Поняв, что Андрей закончил, Тарас приземлённо вернулся к своим баранам:
– Может, Жора и нас отправит в ломбард? Выкупать наши вещи. Я не в восторге. Но надо поскорее решить. В компьютере много разной информация, восстановить всё со временем можно. Но вот так, из-за паршивца… Я сегодня уже не смог с людьми связаться. Из Литвы, из Калининграда. Словно выпал с поверхности жизни в осадок. Люди обзвонились, не поймут, почему я ничего не знаю. Почту не смотрел. Скайп вырублен. Моя пунктуальность захромала, как Семён сегодня, – он также постарался перевести беседу в шуточное направление.
– Тарас, не кипятись, – успокоил его Семён Светлов. – Думаю, всё решится. Давай дождёмся. Андрюх, в общем из-за него и просил тебя приехать. Жора Казино тебя считает справедливым. Я ему пообещал, что приглашу тебя обязательно. После этого он согласился приехать на разговор.
– Удивительный чудак, – удивился Андрей Философ. – Тогда он должен меня считать не справедливым, а мягким и добрым. Святошей без памяти. Семён! А что с ногой?
– О, отлично. Напомнил, – Семён взял мобильник и набрал номер.
– Ирин, привет! А, ты здесь. Хорошо, сейчас спущусь, – он аккуратно встал и прихрамывая вышел.
На первом этаже здания располагались салон красоты и стоматологическая клиника. Салоном красоты управляла Маша Светлова, жена Семёна, до этого всю жизнь просидевшая дома. Второй половиной, в которой располагалась стоматологическая клиника, руководила Ирина, жена Дениса, армейского приятеля Семёна Светлова.
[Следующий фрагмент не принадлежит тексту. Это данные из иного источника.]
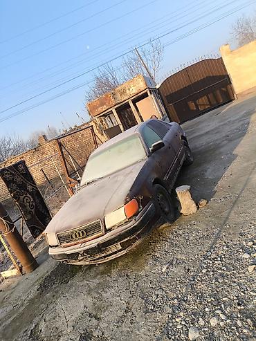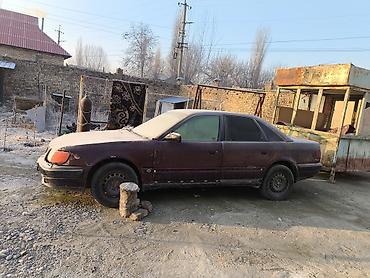 Автомобиль Audi 100 в кузове седан бордового цвета. Машина имеет четыре двери и стальные диски. Присутствуют фары головного света и задние фонари. Задние стекла имеют тонировку. Автомобиль находится в изношенном состоянии, с видимыми следами эксплуатации и загрязнениями. На передней части автомобиля установлена характерная для Audi решетка радиатора и противотуманные фары.

По обоюдному соглашению они как бы вложились совместно. Семён предоставил помещение, а его друг Денис с женой закупили всё необходимое для стоматологической практики. Денис по основному месту работы занимал должность главного врача в городской больнице в хирургическом отделении.
Глава III
Постучавшись, Семён зашёл в кабинет Ирины.
– Да, слушаю вас, – не глядя спросила вошедшего Ирина.
Она сосредоточенно просматривала бумаги стремительным, пронизывающим взглядом. Минимум косметики, тонкие губы на гладком, словно каменном лице, без складок, образующихся часто как следствие эмоциональных проявлений.